Analysis of HM Revenue & Customs data for those earning more than £150,000 a year shows that total income has grown from £3.7 billion in 2010/11 to £6.2 billion in 2014/15.
Scottish Labour are calling on the Scottish Government to support a 50p top rate of income tax.
The Government said its tax proposals will protect people on low incomes and generate extra revenue for public services.
Labour leader Kezia Dugdale said: "Austerity has been so damaging to Scotland's economy. The gap between the richest and the rest has grown.
"The richest people in Scotland are seeing their incomes balloon while the number of people for who not even a job is protection from poverty is at its highest point since the Scottish Parliament was established.

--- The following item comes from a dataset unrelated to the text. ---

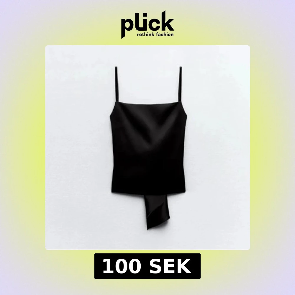 Elegant svart axelbandslös topp i silkes liknande material med öppen rygg och knytning. Använd några gånger, köpt i somras. Några trådar här och där men ingen större defekt. Storlek xs

"It doesn't have to be this way. We can make different choices and build an economy that works for working class people, protects public services, and asks the richest to pay their fair share so we all benefit.
"Labour's plan for a fairer Scotland means investing more in our public services, increasing child benefit to put money back into the pockets of working class families and, stimulating economic growth through investment, not more cuts.
"The SNP's refusal to tax the richest a little more means the poorest are being hit the hardest.
"Rather than focusing on a divisive second independence referendum the SNP should use the powers of the Scottish parliament to tax the richest so we can stop the cuts and invest instead."
A Scottish Government spokeswoman said: "The Scottish Government is committed to ensuring Scotland is a country that businesses and people want to locate, live, and work in, both through preserving a competitive, progressive tax environment but also providing good quality public services.
"Where we have the powers to do so, we are making taxation fairer and more proportionate to the ability to pay, while also raising additional revenue.
"Our income tax proposals for 2017/18 and beyond will protect lower income taxpayers - but also generate extra revenue of £107 million this year to invest in public services."